The new names didn't evoke positive images for everyone. When the rival British wrote their own translation of Fabre’s new names—“Messrs. Slippy, Drippy, Nippy, Showery, Flowery, Bowery, Hoppy, Croppy, Poppy, Wheezy, Sneezy, and Freezy”—they were unmistakably poking fun at his creations. Even more problematic was a glaring bias toward the region in and around Paris. Nivôse may have drawn light-hearted mockery in the French Mediterranean, but in the overseas territories, the calendar was downright chauvinistic. For a government proclaiming liberté and égalité, the calendar was a glaring insult to fellow citizens scattered among France’s holdings as far afield as Haiti and Mauritius. And even if Fabre’s ode to farm-life were received quaintly in France, the décades’ longer workweek and fewer rest days drew the ire of the country’s laborers.

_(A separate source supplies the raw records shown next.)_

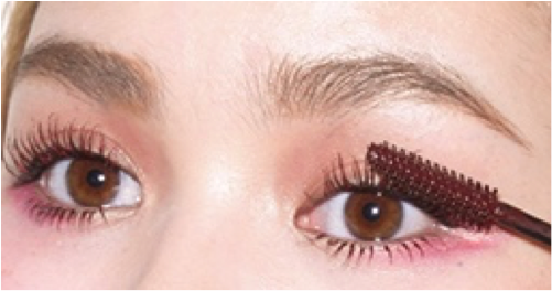 1028愛・勾引睫毛膏│使用方式 1.微撐起眼皮,持刷頭從睫毛根部向上輕刷,使上睫毛完整包覆高科技彈力膠體。
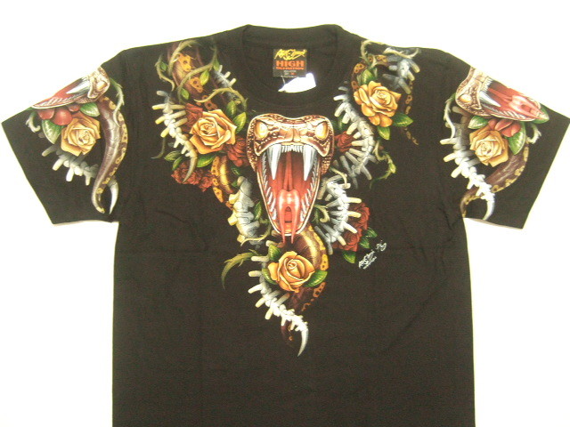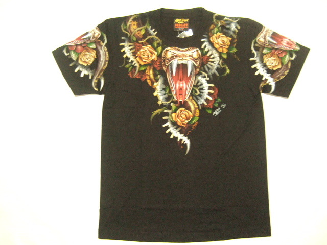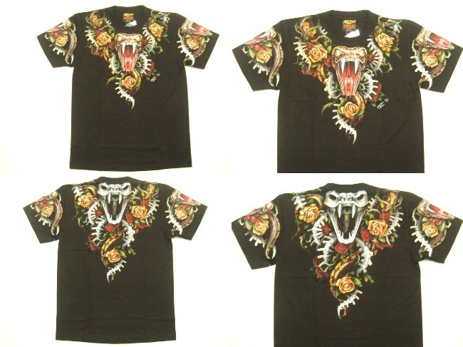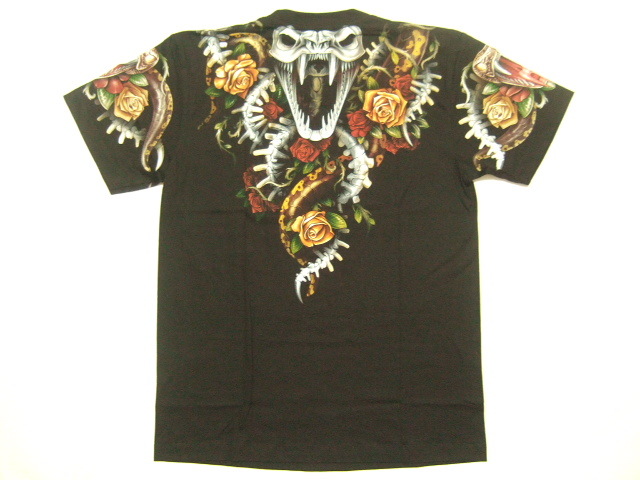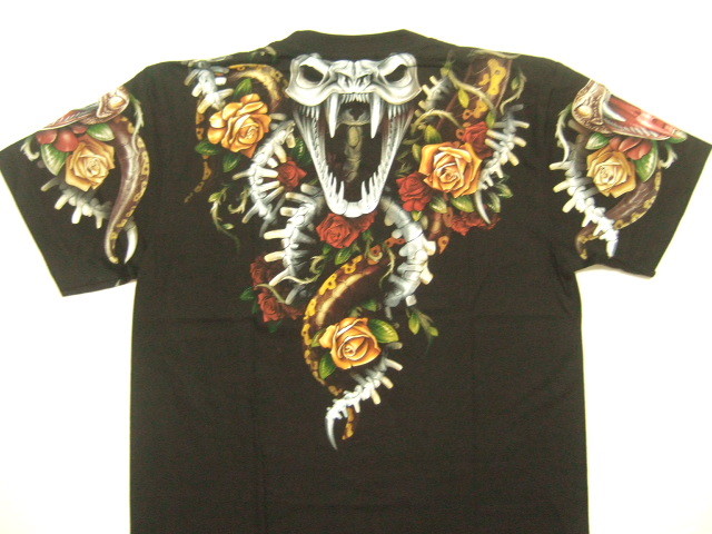 商品名 | 横浜最新 美しいコブラ ♪ バラ 魅惑の夜光Tシャツ 黒 サイズ M, L, XL |
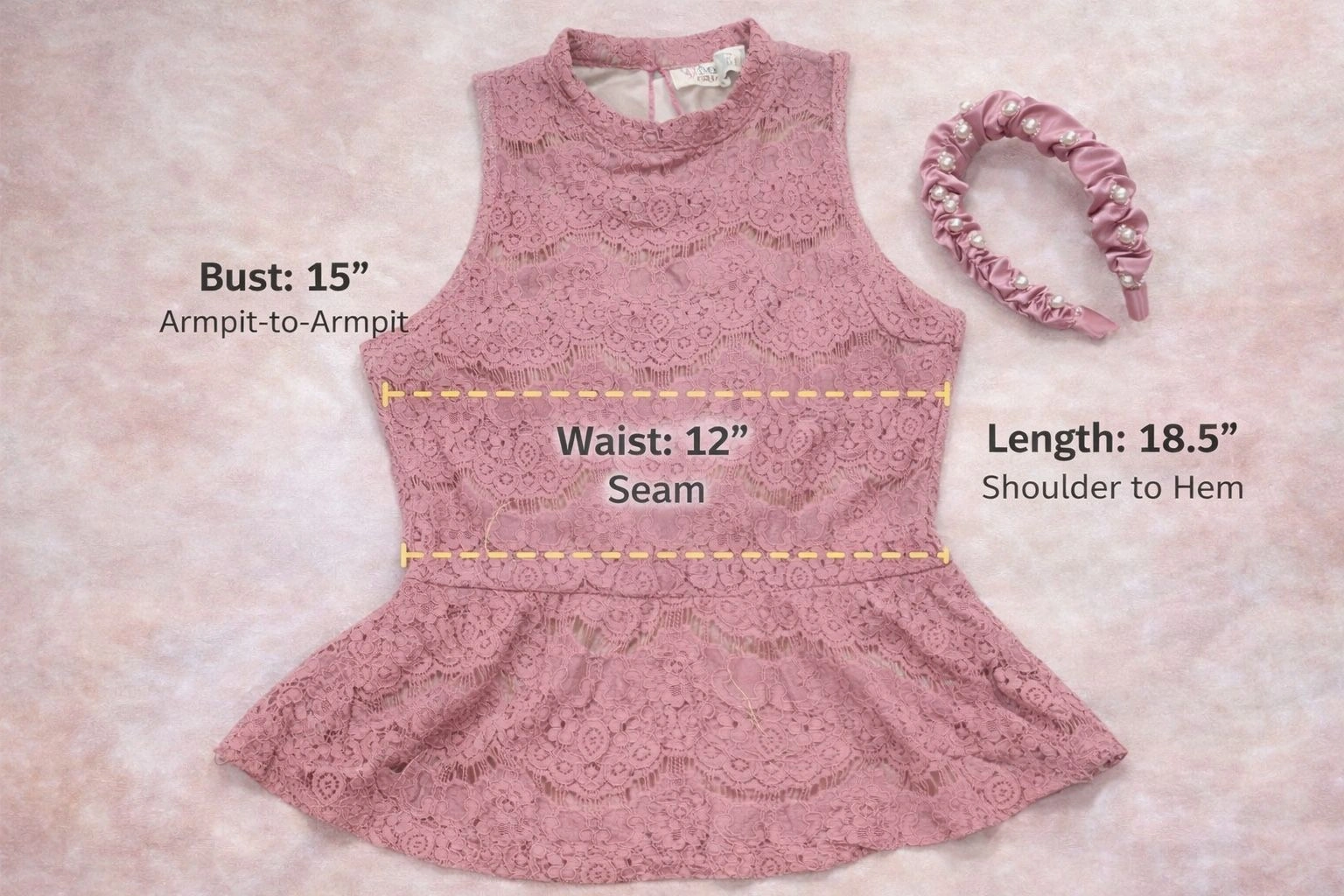 Bundle includes: Lace peplum top and scrunchie pearl satin headband. Super cute look!
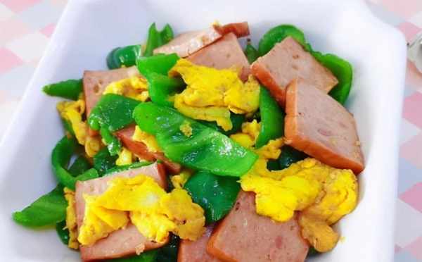 材料青椒2个,火腿200克,鸡蛋2个,姜3片,蒜3瓣,油适量,盐1勺,蚝油1勺,糖少许,胡椒粉少许
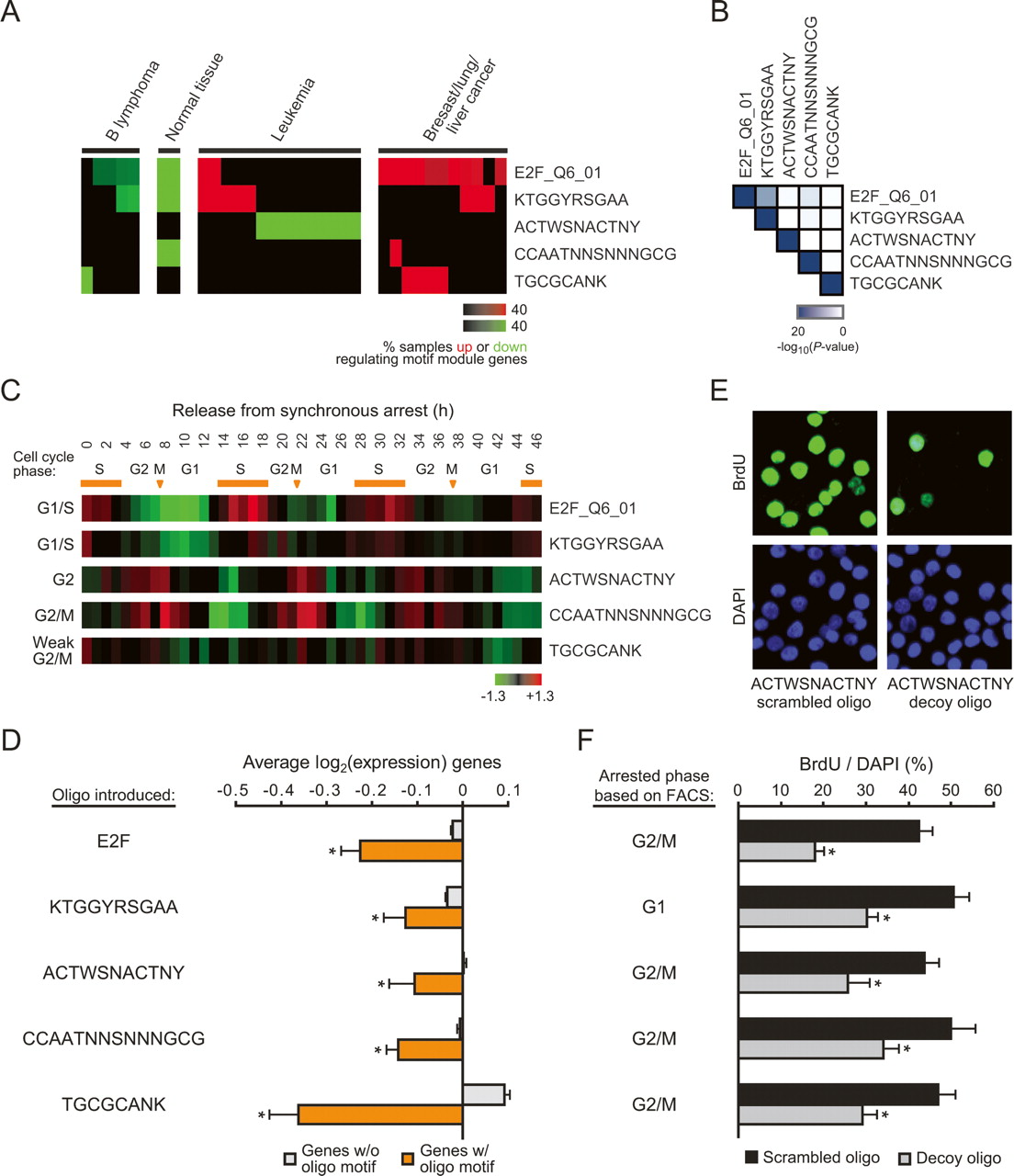 Uncharacterized motifs regulate cell cycle progression. (A) Clinical annotation enrichment of the array signature of E2F_Q6_01 and the four uncharacterized motif modules. (B) Significance of enrichment of the indicated motif module target genes with all other motif targets is shown. (C) Shown is the average expression of the indicated motif module genes found in a set of periodically expressed cell cycle genes in HeLa cells (Whitfield et al. 2002). The stage of cell cycle that the pattern of expression most resembles is indicated on the left. Orange bars signify S phase; arrows signify mitoses. (D) Decoy oligos corresponding to the uncharacterized motif sequences inhibit target gene expression in HeLa cells. Shown is the average log2 gene expression (± SE) of genes predicted to have the indicated motif (orange) or those that lack the motif (gray). (*) P < 0.05 compared with genes without motif, Student’s t-test. (E,F) Decoy oligos inhibit cell cycle progression in HeLa cells. (E) Example of BrdU immunofluorescence staining and DAPI counterstain after introduction of scrambled oligos or decoy oligos for the ACTWSNACTNY motif. (F) Average percentage (± SE) of BrdU-positive cells after transfection of the indicated scrambled or decoy oligos. The cell cycle phase in which the cells arrested (as determined by FACS) is indicated on the left. (*) P < 0.01 compared with the respective scrambled oligo, Student’s t-test.

Add in a lasting discrepancy over the reckoning of leap year, and the calendar could hardly be considered a success.

In the end, the calendar suffered the same fate as the Republic. Having been crowned Emperor by the Catholic Pope, Napoleon swept the calendar to the wayside in 1806. Fabre wasn't around to see his revolutionary creation’s fate: Like many of his comrades, Fabre lost his head to the guillotine in 1794 as the revolution crumbled into the “reign of terror.”

Like Fabre, France’s new Emperor recognized the power of symbols in reinforcing systems of thought. The calendar was resigned to the footnotes of history. Ironically, one of its most lasting vestiges is in 18 Brumaire, the notorious date historians agree ended the republic and marked the ascension of Napoleon as head of state.